WHAT THE EXERCISE ASKS
Please output exactly the lines below, starting at the line that has "Khaki Peter Pan" and ending at the line that has "11月13日,河北省邢台市任泽区骆庄乡的村民在制作灯笼。", both included; leave out all pictures and include nothing else.

SOURCE RECORDS

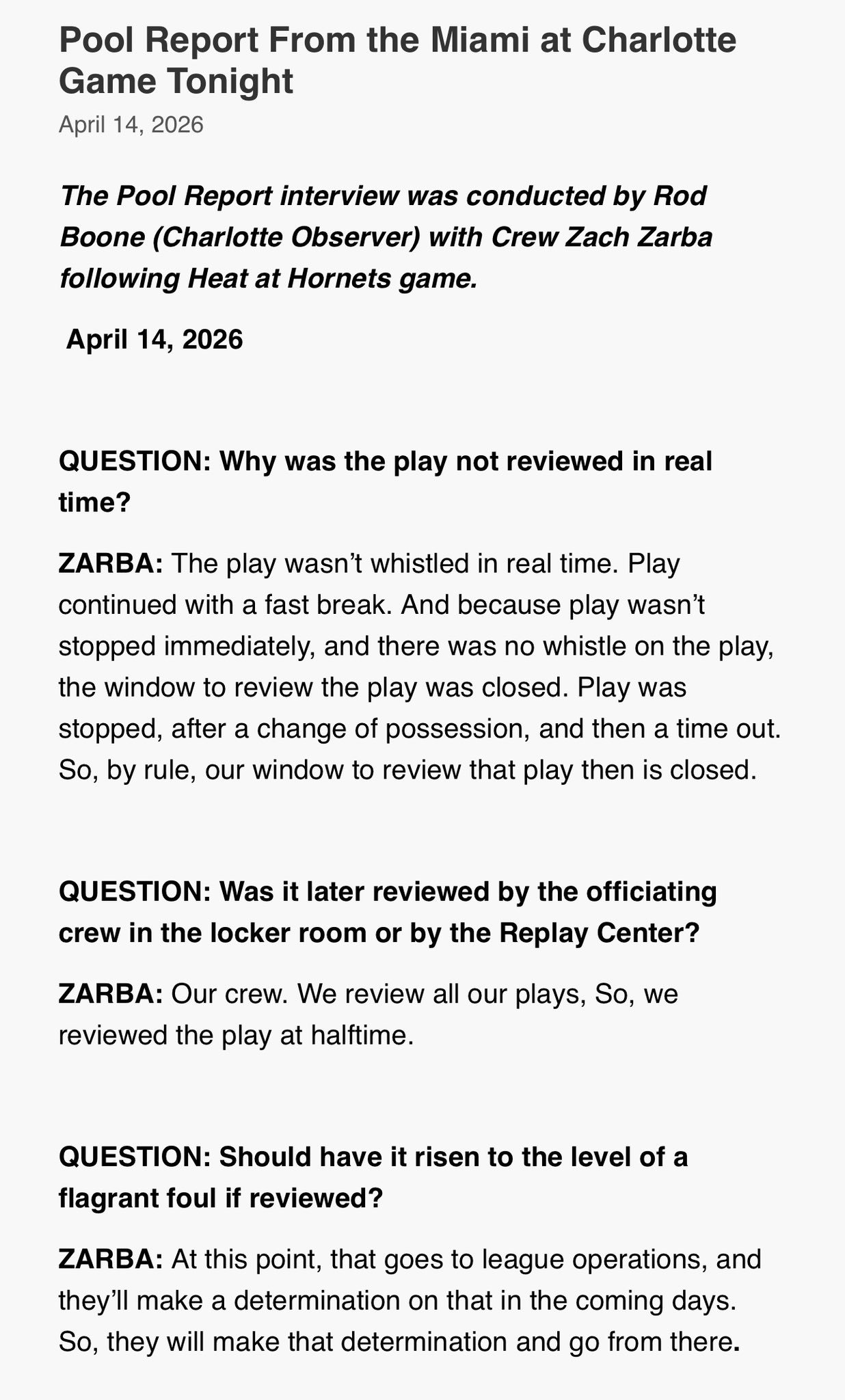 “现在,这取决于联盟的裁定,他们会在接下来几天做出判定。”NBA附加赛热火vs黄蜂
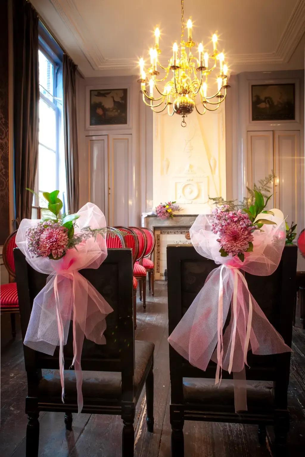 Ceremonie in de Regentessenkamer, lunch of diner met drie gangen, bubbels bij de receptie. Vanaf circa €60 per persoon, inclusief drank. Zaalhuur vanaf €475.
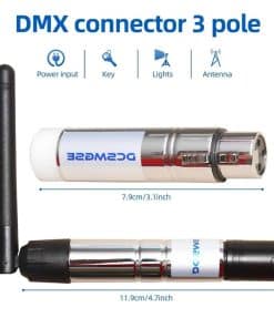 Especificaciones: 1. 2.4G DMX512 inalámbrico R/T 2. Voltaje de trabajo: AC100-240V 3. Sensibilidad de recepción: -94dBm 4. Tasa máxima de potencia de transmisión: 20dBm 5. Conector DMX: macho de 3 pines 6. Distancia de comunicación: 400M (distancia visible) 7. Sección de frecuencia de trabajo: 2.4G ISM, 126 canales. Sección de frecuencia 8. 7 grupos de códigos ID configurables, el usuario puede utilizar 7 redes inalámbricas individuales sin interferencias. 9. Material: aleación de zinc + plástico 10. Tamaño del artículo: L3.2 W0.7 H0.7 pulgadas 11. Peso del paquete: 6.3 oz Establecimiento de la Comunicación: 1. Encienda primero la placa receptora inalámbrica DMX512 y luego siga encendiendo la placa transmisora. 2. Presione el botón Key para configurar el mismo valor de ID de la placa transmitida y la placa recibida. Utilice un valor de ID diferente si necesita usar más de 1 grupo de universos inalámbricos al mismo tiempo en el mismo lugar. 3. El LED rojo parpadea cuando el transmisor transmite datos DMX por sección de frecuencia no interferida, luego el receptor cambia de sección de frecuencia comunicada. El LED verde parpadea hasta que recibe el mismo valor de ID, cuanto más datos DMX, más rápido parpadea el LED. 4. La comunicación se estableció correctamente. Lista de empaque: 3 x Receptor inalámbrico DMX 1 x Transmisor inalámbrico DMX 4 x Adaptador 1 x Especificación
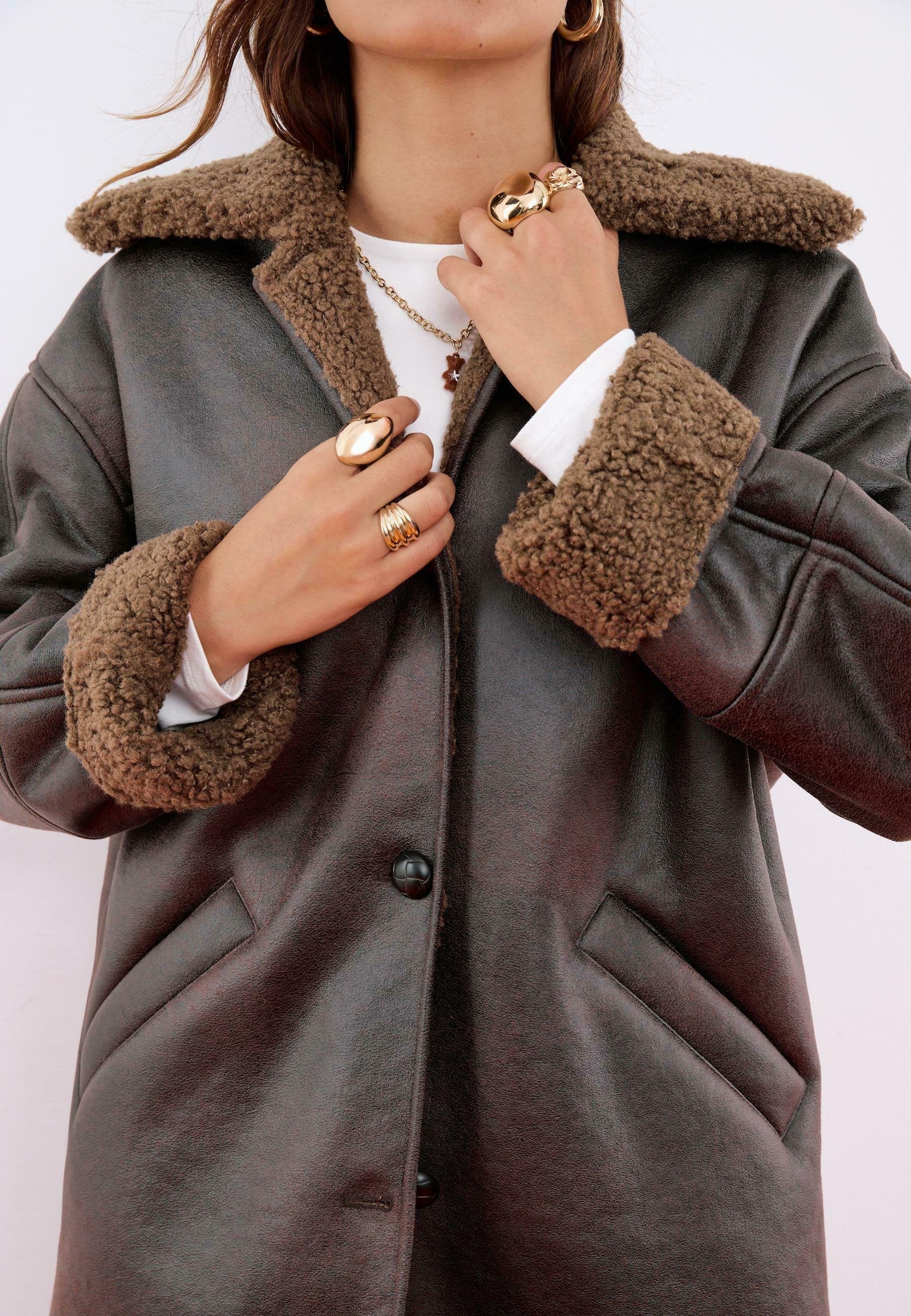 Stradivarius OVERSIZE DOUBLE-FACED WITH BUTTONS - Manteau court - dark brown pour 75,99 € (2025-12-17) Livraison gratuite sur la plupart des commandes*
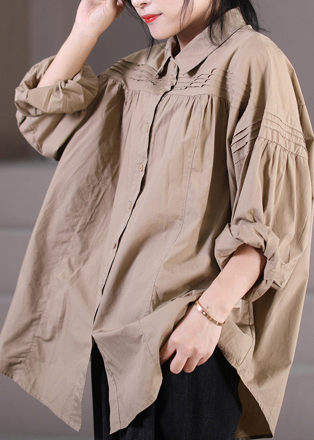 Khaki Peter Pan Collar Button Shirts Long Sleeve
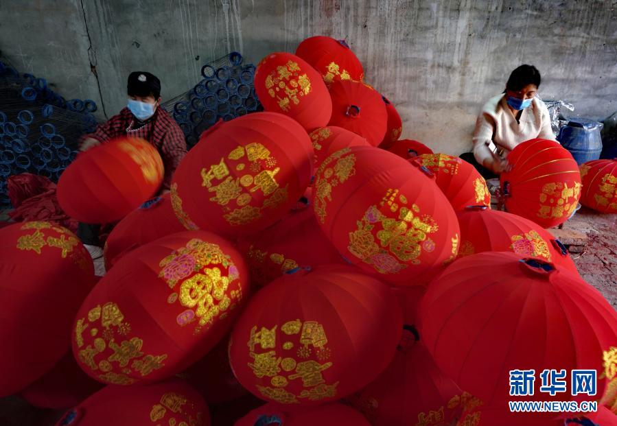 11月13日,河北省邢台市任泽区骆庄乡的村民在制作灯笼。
==
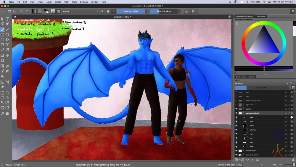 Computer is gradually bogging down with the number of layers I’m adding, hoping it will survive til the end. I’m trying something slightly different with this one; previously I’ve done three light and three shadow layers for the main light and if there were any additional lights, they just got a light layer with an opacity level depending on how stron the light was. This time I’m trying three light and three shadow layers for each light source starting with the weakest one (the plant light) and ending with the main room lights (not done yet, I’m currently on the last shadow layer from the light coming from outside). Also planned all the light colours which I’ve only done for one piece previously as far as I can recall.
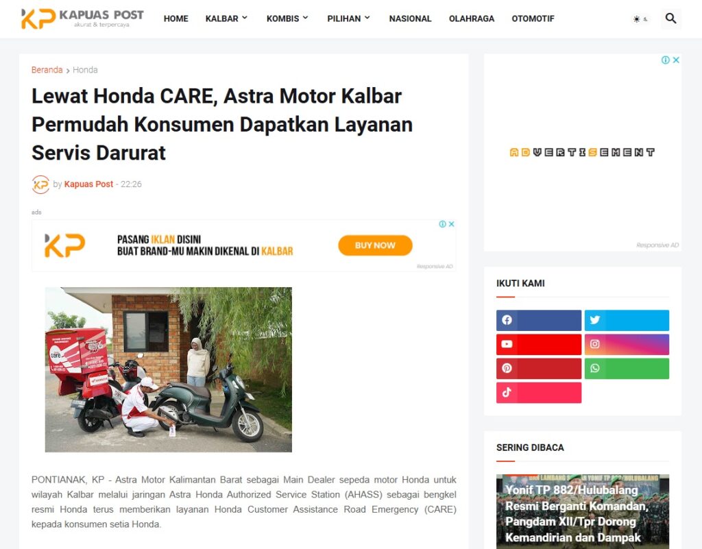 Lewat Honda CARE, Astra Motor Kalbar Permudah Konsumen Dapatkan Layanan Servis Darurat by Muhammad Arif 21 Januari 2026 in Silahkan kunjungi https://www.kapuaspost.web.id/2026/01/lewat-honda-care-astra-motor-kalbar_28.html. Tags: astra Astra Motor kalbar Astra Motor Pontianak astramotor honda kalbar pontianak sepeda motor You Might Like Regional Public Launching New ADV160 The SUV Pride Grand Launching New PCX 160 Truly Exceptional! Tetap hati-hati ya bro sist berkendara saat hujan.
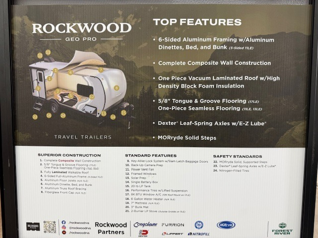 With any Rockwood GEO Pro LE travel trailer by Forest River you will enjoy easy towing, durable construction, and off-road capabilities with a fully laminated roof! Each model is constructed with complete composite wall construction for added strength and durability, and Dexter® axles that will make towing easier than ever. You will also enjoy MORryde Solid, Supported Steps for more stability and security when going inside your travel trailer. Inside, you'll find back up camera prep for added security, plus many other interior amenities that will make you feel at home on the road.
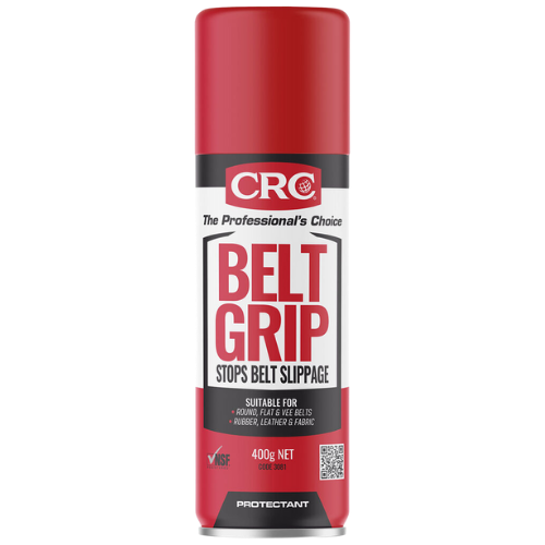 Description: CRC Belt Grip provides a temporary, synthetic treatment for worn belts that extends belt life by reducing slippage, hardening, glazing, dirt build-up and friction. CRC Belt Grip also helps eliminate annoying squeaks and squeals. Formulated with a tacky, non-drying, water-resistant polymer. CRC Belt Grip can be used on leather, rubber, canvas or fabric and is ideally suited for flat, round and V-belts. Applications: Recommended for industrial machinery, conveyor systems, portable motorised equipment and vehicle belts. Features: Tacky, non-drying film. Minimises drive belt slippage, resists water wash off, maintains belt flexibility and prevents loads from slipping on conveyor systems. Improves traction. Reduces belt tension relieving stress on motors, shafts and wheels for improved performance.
==
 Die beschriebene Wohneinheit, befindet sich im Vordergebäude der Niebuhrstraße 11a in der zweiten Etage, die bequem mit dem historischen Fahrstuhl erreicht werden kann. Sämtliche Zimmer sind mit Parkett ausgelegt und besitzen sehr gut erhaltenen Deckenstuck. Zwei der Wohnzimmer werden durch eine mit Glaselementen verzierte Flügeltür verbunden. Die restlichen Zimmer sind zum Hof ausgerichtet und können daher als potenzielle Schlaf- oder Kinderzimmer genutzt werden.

YOUR RESPONSE
 Khaki Peter Pan Collar Button Shirts Long Sleeve
 11月13日,河北省邢台市任泽区骆庄乡的村民在制作灯笼。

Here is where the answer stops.